The Trust did not appeal against that finding but, instead, appealed against the finding of the FTT that the provision of accommodation (to those being assessed) was ancillary to the main supply of welfare services. That finding meant that the supply of accommodation also qualified for VAT exemption.

The Upper Tribunal has issued its judgment and has agreed with the FTT’s conclusions. Using the ordinary meaning of the word ‘ancillary’ in a VAT context, (ie a means of better enjoyment of the principal supply of welfare services) can only lead to the conclusion that the FTT did not make any error of law. On the evidence before it, it was clear that the provision of the accommodation was ancillary to the supply of welfare services and, as such, it should take on the same VAT liability as the principal supply. The appeal was, therefore dismissed.

Comment - the question of whether an element of a supply is ancillary or otherwise derives from a famous VAT case (Card Protection Plan or CPP). The Trust tried to argue that the supply of accommodation was not ancillary to the exempt supply of welfare services and was, thus, taxable at the standard rate. A finding that the supply of accommodation was ancillary (and was itself, therefore, exempt from VAT) meant that the Trust could not reclaim a significant amount of input VAT it had incurred in relation to the accommodation.

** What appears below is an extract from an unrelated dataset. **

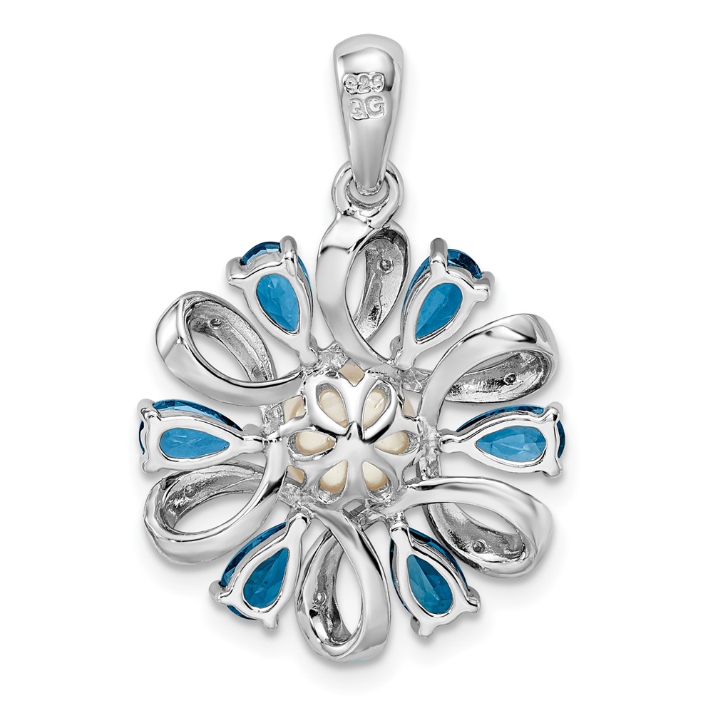Sterling Silver Rhodium Plated Dia. and London BT Flower Pendant

Uber BV & Ors v Aslam & Ors – Supreme Court

Workers’ rights – VAT implications

Readers will be aware that, last week, the Supreme Court issued its judgment in the case of Uber BV & Ors v Aslam & Ors. This was not a tax case, but was a case concerning whether Uber drivers were to be regarded as ‘workers’ for such purposes as the national minimum wage, paid annual leave and other workers’ rights. The Supreme Court found that the drivers were workers.

The judgment in this case only concerns the status of drivers under the lens of employment law and it does not necessarily follow that, as a consequence, the income of the drivers should be regarded for VAT purposes as being proper to Uber. Whether or not a driver is acting as an independent contractor for employment law purposes has no bearing on his status for VAT purposes. This is an entirely separate and different issue and the outcome of the debate will centre around the contractual position of each case.

The Supreme Court has already ruled in a previous case (Secret Hotels) that, absent a sham, what matters is the contractual position and obligations of the parties. In cases where the contracts show that the driver is an independent contractor and there is evidence that the customer knows this and engages directly with the driver, the Supreme Court’s ruling in Secret Hotels suggests that it would be difficult for HMRC to overturn those arrangements. That does not mean to say that HMRC will not try but it does mean that the earlier judgment should afford some protection.

Comment - as the Supreme Court states in its opening paragraph of the Uber judgment, “New ways of working organised through digital platforms pose pressing questions about the employment status of the people who do the work involved”. Whilst the Uber case concerned employment rights of drivers, there is understandable alarm that the Court’s finding may ‘read across’ to VAT such that the income generated should be regarded as income of the platform provider. That is a huge leap to make. However, we understand that HMRC has already assessed Uber and it may now turn its attention to other similar platforms.